- [What you will do]: Retype, word for word, only the lines from the one containing "Teigstücke in 8" through the last line of the listing below. Pictures do not belong in the result.

- [Given material]:
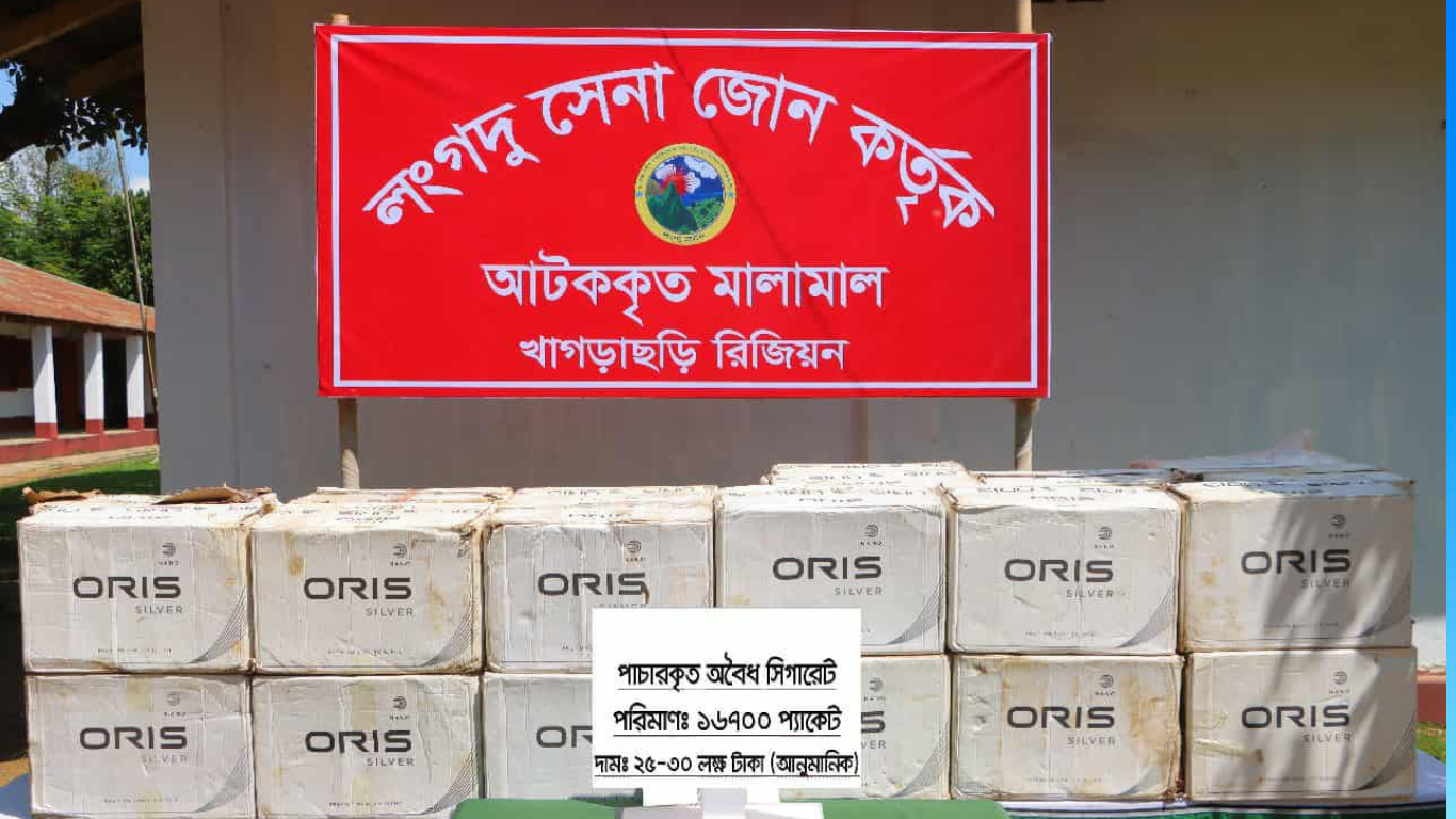 সেনাবাহিনীর লংগদু জোনের নেতৃত্বে ৩০ লক্ষ টাকার অবৈধ ভারতীয় সিগারেট জব্দ
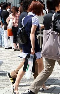ギャル系の間ではカラフルなストライプシャツも見られた。ベーシ...
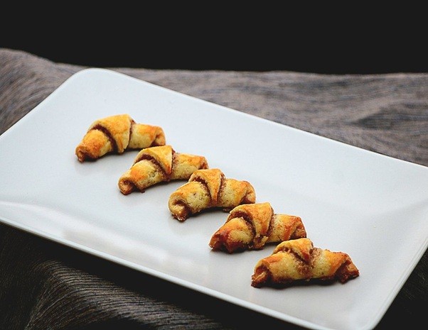 Teigstücke in 8 Kuchenstücke schneiden. Von der langen Seite her aufrollen.
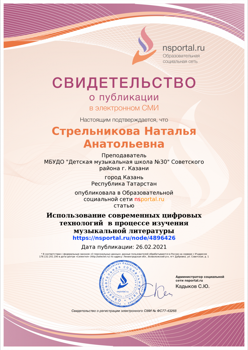 Электронне СМИ nsportal.ru Образовательная социальная сеть - статья Стрельниковой Н.А. "Использование современныхцифровых технологий в процессе изучения музыкуальной литературы"

- [Response]:
 Teigstücke in 8 Kuchenstücke schneiden. Von der langen Seite her aufrollen.
 Электронне СМИ nsportal.ru Образовательная социальная сеть - статья Стрельниковой Н.А. "Использование современныхцифровых технологий в процессе изучения музыкуальной литературы"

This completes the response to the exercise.